Un acquerello firmato Hitler e risalente, secondo la casa d’aste americana Nate D.Sanders, specializzata in autografi e cimeli storici, al 1912, quando il futuro dittatore aveva 23 anni, è andato all’asta on line,a un prezzo base di 30mila dollari, ma non è stata acquistato, forse per il soggetto floreale, distante dalle vedute urbane alle quali quali il futuro dittatore, nei tempi in cui si dedicava totalmente alla pittura, assegnava massima importanza. L’opera è stata realizzata rapidamente. Sul quadro (27,3×34,3 cm.) oltre alla firma squadrata A. Hitler, una placchetta con il timbro di Samuel Morgenstern.
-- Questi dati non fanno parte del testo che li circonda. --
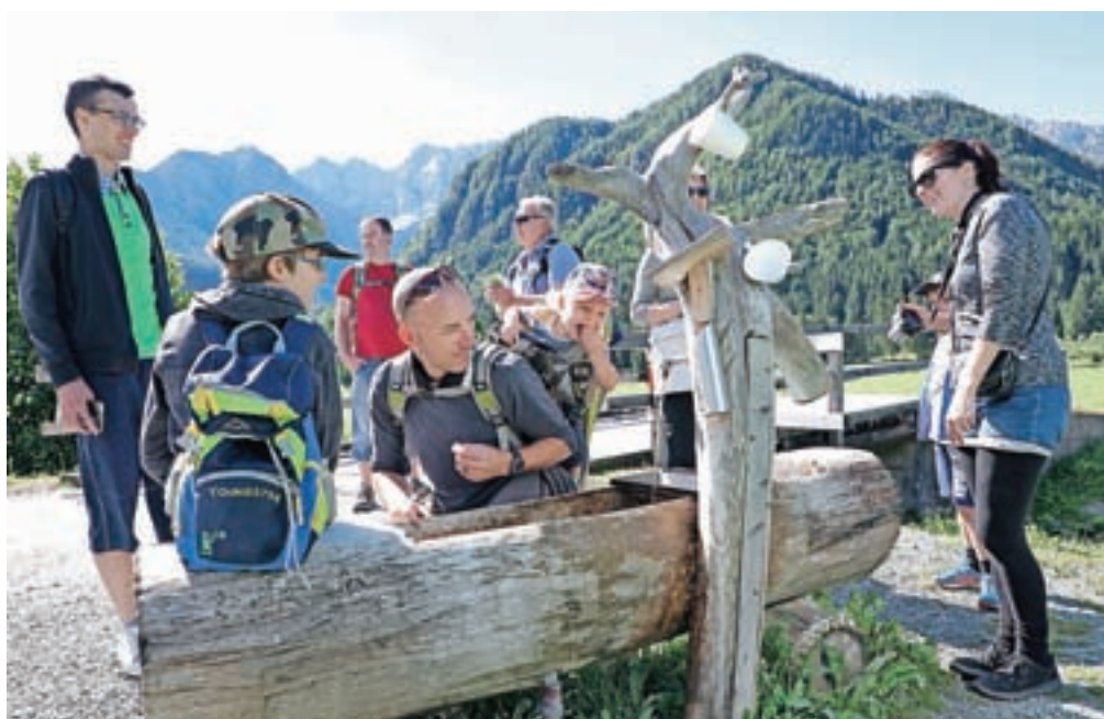
Pri izviru mineralne vode, ki so jo udeleženci pohoda z veseljem poskusili.

udeležence najprej seznanijo s hribi, ki obdajajo Jezersko, in opiše zgodovino njihovega nastanka vse od Kamniško-Savinjskih Alp do nastanka ledeniške doline. Pot, ki se vije ob potoku Jezernica, vodi do naravnega izvira

Morgenstern possedeva una galleria d’arte a Vienna e ha venduto diversi dipinti di Hitler nel 1911.

Ingrandimento della parte floreale del dipinto

Ingrandimento della parte floreale del dipinto

Questo gallerista ebreo era una delle poche persone a ritenere che i quadri del giovane pittore mostrassero il talento dell’artista. La sua galleria fu poi sequestrata quando Hitler salì al potere. Al di là delle firme e dei timbri risulta piuttosto difficile raggiungere una certezza sull’autografia di opere del dittatore tedesco -a meno che non siano dotate di un tracciato storico inequivocabile – poichè Hitler non aveva uno stile perfettamente delineato e dipingeva come tanti altri artisti della sua epoca, che producevano opere con la finalità di vendere il pezzo.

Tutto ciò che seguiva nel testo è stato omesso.